All that aside, if Tussing is writing a whole novel with language as refined and fresh as it here, that's exciting.

vu said...

I kinda think it does work as a stand-alone story. My guess is that it’s setting up a dichotomy between technology (which is determinate and utilitarian) and the science of human emotion (which is ambiguous and irresoluble). The misanthropic Tanager guy becomes a foil to the narrator’s younger, idealistic self: the kid who wants to (and believes he can) save his teacher/lover “over and over again,” despite being ill-equipped to do so. The narrator now understands how naïve he was back then, how difficult it is ultimately for anyone (like Alice) to “rebuild” their heart--and Tanager, in retrospect, seems to be the catalyst for this understanding. I might just be pulling stuff out of my ass here, but that’s my take anyway. If the story does have a problem, it’s that this kind of thematic setup, being so obviously structured, inevitably feels inorganic and somewhat contrived, as though the writer is trying too hard to give his narrative substance and complexity and not letting the narrative breathe on its own. Or maybe it’s the cliché young-character-learns-indirectly-from-the-weird-old-outcast-in-town storyline. I’ll be curious as to how the rest of the novel will handle this. Despite these weaknesses, though, I really did enjoy the excerpt. I agree with Michelle--Justin does an excellent job of writing about a student/teacher love affair without succumbing to the usual clichés. His writing, I’ll also agree, is fantastic throughout, especially in the wonderfully wrought last scene.
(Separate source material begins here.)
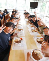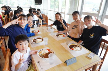 本部道場、スイトピア強化生、アクオン強化生、小倉道場、亀塾の参加となり、総勢60名での熱くて、楽しい練習会となりました。観光バスではにぎわい、昼食のカレーライスは一人も残さずに食べ、休憩中のビーチボールので遊びは元気いっぱいでした。

By the way, Goats, I really enjoy reading this site (and the Babies site) everyday. Keep up the great chatter.

MSF said...

see, that's what i get for being all respectable and not reading the author bio before doing the review. i have 2 thoughts re novel excerpts in the nyer: 1) i hate them, and 2) i'm much more forgiving if they don't satisfy as short stories b/c i know the novel will probably address whatever i missed from the excerpt. damn it. now i feel kind of stupid(er).

vu, while i like your take on the technology/romance aspect, i'm not sure if i buy it as a construct. it's not a dichotomous relationship from what i can see, unless the split is teacher/emotion v. stranger/technology, and that's not a structure that i think can work in the construct of either story or novel.

i suspect there's probably more going on than that, so i'll be sure to read the book when it comes out. i'd check it out on the basis of the writing alone.

and thanks for the biographical info, thisbe--i thought the name sounded familiar but i hadn't put it together. hope i don't ruin his good work this summer. ;-)

ian said...

Just a note on the NYer and novel excerpts. Nothing, I suspect, will outdo the "short story" by V.S. Naipaul that the NYer published last fall. Not only was it an excerpt from Naipaul's new novel, it was the next-to-last chapter!